Not sure I really grasp this but it seems that the 3 shareholders who control 65% are getting very well rewarded for their ongoing support - 30% I believe but they are lending £8m to a coy with a £10m market cap and £4m+ pension deficit.
I suspect that without the suport it would be a baset case/bust so best not complain.
Feel sorry for any PI who remain invested in what should be a private business
Is this the new FD being ultra prudent or is warning number 3 due at the end of September as other issues are uncovered.
Good news is that should their bank play up as covenants are breached then:
"major shareholders, NB Ingredients Ltd, Omnicane International Investors Ltd, and certain funds managed by Downing LLP have confirmed that they will, if required, provide additional funds to support the Company's working capital requirements."

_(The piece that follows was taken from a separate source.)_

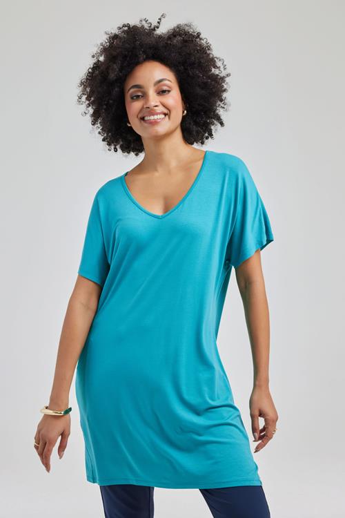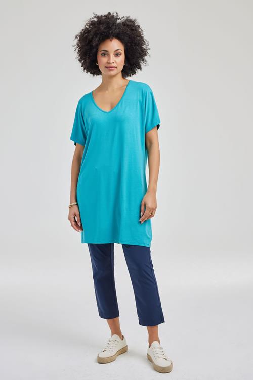 T-shirt Isa in Dark turquoise: Jouw Stijlvolle Keuze Met de T-shirt Isa in Dark turquoise kies je voor tijdloze elegantie. Dit korte mouw T-shirt, in een prachtige blauwe tint, is perfect om je op elk moment fris en stijlvol te voelen. Het rechtvallende, loose-fit model met een flatterende V-hals geeft je een comfortabele maar toch stijlvolle uitstraling. Perfect voor elke gelegenheid en moeiteloos te combineren binnen je garderobe. Gemaakt van hoogwaardige stof De T-shirt Isa is vervaardigd van 95% Vorteks viscose en 5% Elasthan. Deze combinatie zorgt voor een aangename, soepele stof die comfortabel aanvoelt op de huid. Vorteks viscose staat bekend om zijn ademende eigenschappen, ideaal voor warmere dagen, terwijl het Elasthan net dat beetje extra stretch biedt. Hierdoor behoud je de hele dag door een aangename bewegingsvrijheid. Stijladvies Deze veelzijdige T-shirt Isa in Dark turquoise kan je met allerlei stijlen combineren. Draag het casual met een paar sneakers, of geef je outfit meer flair met elegante accessoires. Het T-shirt staat ook prachtig op een mooie jeans. Zo creëer je eenvoudig een tijdloze look die altijd werkt. Wasvoorschrift Wasvoorschrift: Was het T-shirt binnenstebuiten op een zacht programma op maximaal 30 graden om de kwaliteit van de stof te behouden. Droogvoorschrift: Laat het liggend drogen, vermijd direct zonlicht om verkleuring tegen te gaan. Strijkvoorschrift: Strijken kan op een lage temperatuur voor een glad en netjes resultaat. Met deze tips houd je de T-shirt Isa in Dark turquoise in topconditie, waardoor je er nog lange tijd van kunt genieten.

Last time I checked the first 2 owned circa 60% of RGD so perhaps this represents the least bad option for them
Must admit to being lucky with my timing but I would be tempted to describe today's Company Update as a comedy of errors so I think the share price fall of 40% at the time of writing is probably justified. I would suggest that the main hope now would be for wholesale management changes or selling out to another company with more capable management as I am sure some of Real Goods Food's businesses have potential for better growth. I wonder how Brighter Foods is doing.
Rarely do I sell holdings but I think I might have made a mistake with this company as I have seen little evidence to suggest that management is capable of growing its businesses since I have been a shareholder. The most recent news is that the company is raising more funds, including issuing more shares at the currently depressed share price, in order to fund expansion to achieve its 2018 projected budget. In the accompanying trading update the focus is on revenues and EBITDA rather than profits/losses which worries me somewhat but best of luck to Downing and other investors.
call me cynical but if the deal is earnings enhancing rom day 1then the founder of Brighter Foods has sold out very cheaply. On the basis that he is an able entrepreneur, supported by his building the business, one must ask.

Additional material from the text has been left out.